Of much greater importance, however, was the Committee’s finding that there was no violation under Article 6, the right to life. Under UNHRC law, the right to life did include the right to enjoy it with dignity , and states’s duties to respect the right to life extended to “reasonably foreseeable threats and life-threatening situations that can result in loss of life”……”environmental degradation, climate change and unsustainable development constitute some of the most pressing and serious threats to the ability of present and future generations to enjoy the right to life”: [8.3].

But, said the Committee, the islanders

had not indicated that they have faced or presently face adverse impacts to their own health or a reasonably foreseeable risk of being exposed to a situation of physical endangerment or extreme precarity that could threaten their right to life, including their right to a life with dignity.

The Committee said that the claims under Article 6 “mainly related to their ability to maintain their culture, which falls under the scope of” Article 27.

In the light of all this, you may be wondering how one can square the Article 17 and 27 findings which I have set out above, with these negative findings in the context of Article 6. You would not be alone.

The opinions of five of the 18 members of the Committee (in three separate opinions) were that there was a violation of Article 6, namely in (1) Duncan Laki Muhumuza, (2) Arif Bulkan, Marcia V.J. Kran, Vasilka Sancin and (3) Carlos Gomez Martinez – according to my unofficial translation from the Spanish in the last case.

The most radical of these views is found in Duncan Laki Muhumuza’s opinion: in addition to relying on the delays in adaptation, Australia had not taken any measures to reduce greenhouse gas emissions and cease the promotion of fossil fuel extraction and use – i.e. it has failed to mitigate climate change. (This is a theme picked up in the concurring opinion of Gentian Zyberi at [6], though he made no specific finding of breach of Article 6).

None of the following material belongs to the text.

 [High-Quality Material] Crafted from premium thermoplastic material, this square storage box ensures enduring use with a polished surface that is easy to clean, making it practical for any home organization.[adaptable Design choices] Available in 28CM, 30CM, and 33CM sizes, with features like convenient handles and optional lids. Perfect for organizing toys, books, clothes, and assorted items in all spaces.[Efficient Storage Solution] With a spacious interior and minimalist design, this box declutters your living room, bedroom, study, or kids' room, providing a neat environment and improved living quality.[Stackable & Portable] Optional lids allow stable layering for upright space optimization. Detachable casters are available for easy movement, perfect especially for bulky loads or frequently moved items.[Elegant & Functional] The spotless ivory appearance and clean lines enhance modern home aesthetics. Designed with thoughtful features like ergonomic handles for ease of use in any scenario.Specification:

Interestingly, Muhumuza drew support in his opinion from the Urgenda case in the Dutch Supreme Court – judgment here and comment here.

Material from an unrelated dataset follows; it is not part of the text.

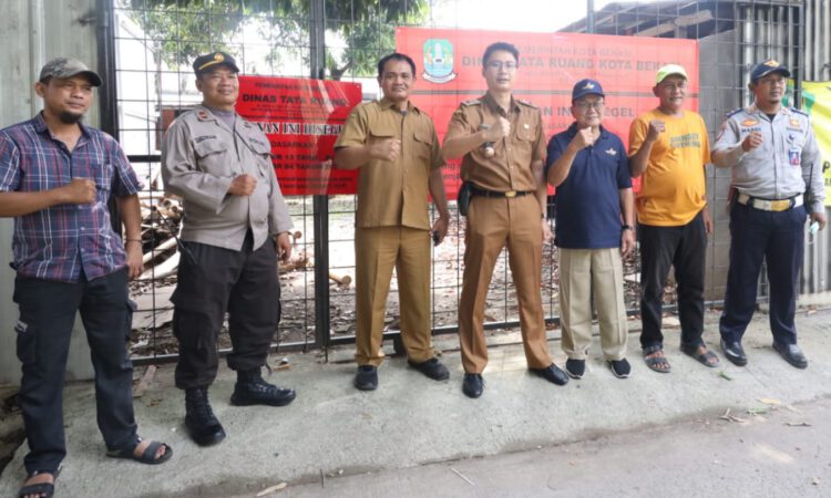 PILAR BEKASI.COM (BEKASI SELATAN) – Pemerintah Kota Bekasi melalui Dinas Tata Ruang Kota Bekasi bersama dengan Polres Metro Bekasi Kota dan Kodim 0507/Bekasi, Sub Depom Jaya 2 -1 , Kejaksaan Negeri Kota Bekasi dan unsur OPD Kota Bekasi melakukan giat penyegelan bangunan MCK, Penampungan Limbah dan Rongsokan yang berlokasi di Jalan Tenggiri Raya RT 02 RW 04 (samping SMPN 4 Kota Bekasi) Kelurahan Kayuringin Jaya, Kecamatan Bekasi Selatan Kota Bekasi.

The other partly dissenting opinion of Arif Bulkan et al convincingly makes the point that you cannot rebut a claim under Article 6 by saying that the specific claims more naturally fall under Article 27. The damage which had already happened by the time of the “communication” was significant enough to amount to a violation of Article 6.

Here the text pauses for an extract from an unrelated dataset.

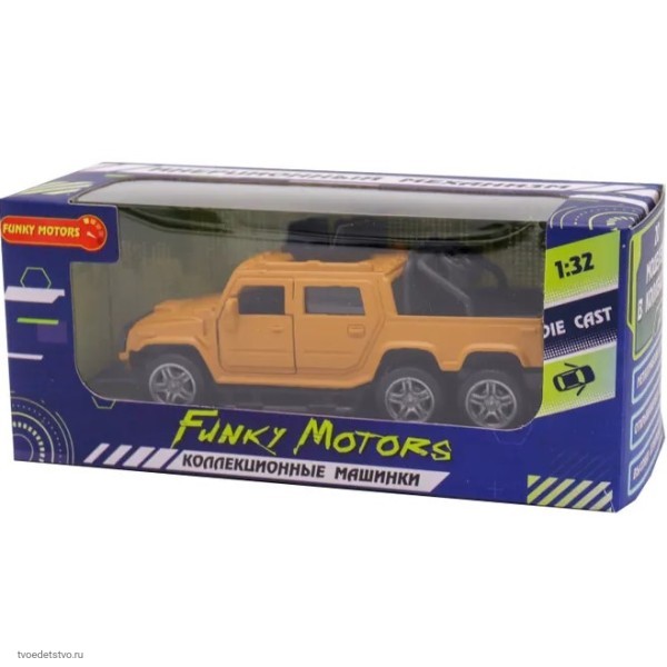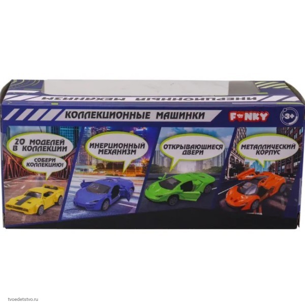 Машинка металлическая от «Funky toys» - отличный выбор для любителей машинок и скорости. Эти машинки точные копии модели машинок из жизни, они отлично дополнят игрушечный гараж. Благодаря встроенному инерционному механизму, гоночная машинка может самостоятельно передвигаться от небольшого толчка рукой. У игрушки для мальчиков резиновые шины и отрывающиеся двери. Запустите игрушечный транспорт в гоночное испытание и соревнуйтесь с друзьями! Машинка детская надолго привлечет внимание вашего ребенка, ведь с ней можно придумать интересные и захватывающие игры и сюжеты, играть с друзьями. Машинки детские развивают воображение, координацию, мелкую моторику, сноровку и ловкость. Инерционная машинка идеальна не только для игр маленьких автолюбителей, но и отличный подарок для мужчины - машина приятно удивит коллекционеров и займет достойное место на полке в коллекции. Машина игрушка - это идеальный подарок ребенку на любой праздник: новый год, день рождения, рождество, именины или просто так. Детская машинка изготовлена из высококачественных, ударопрочных материалов, имеет цельнолитой корпус и детализированный салон. Так как игрушка для мальчика ударопрочная, ее можно брать с собой в детский сад, на прогулки и в путешествия. Коллекционные машинки масштабом 1:32. В коллекции машинок представлены: гоночные машинки, внедорожники, легковые автомобили, ретро машинки и спецтехника. Машинка игрушка - отличный подарок для мальчика, улучшите свою коллекцию мини автомобилей и насладитесь восхитительной игрушкой от Funky Toys!

As will be seen, there is a certain amount of criticism within the members of the Committee who wrote separate opinions that the conclusions on the different Articles don’t fit well with each other. But I think the key to the majority Committee reasoning is reasonably clear. Past losses and impacts could not be defended, and therefore the Article 17 claim ran. But the future is a bit different. Australia might get its act together, within the 10 to 15 year period before which islands might not become habitable, on various infrastructure measures which might protect the islanders and “where necessary, relocate the alleged victims”. In which case “the Committee is not in a position to conclude that the adaptation measures taken by [Australia] would be insufficient so as to represent a direct threat to the [islanders’] right to life with dignity”.

Conclusion

The headline to take away from this is a finding by an international tribunal that a state is in violation of people’s human rights in respect of its dilatory response to the threats posed by climate change. The differences between the ICCPR and the ECHR may not be all that profound though whether the ECtHR will respond in a similar way remains to be seen. But climate change litigation is certainly on the move. For a resume of things last autumn, see Merrow Golden’s excellent post here. Two cases picked up in this review have been referred to the Grand Chamber of the ECtHR, namely the Union of Swiss Senior Women for Climate Protection v. Switzerland case, referred in April 2022, and Agostinho v. Portugal et al (heatwaves/wildfires) case, referred in June 2022.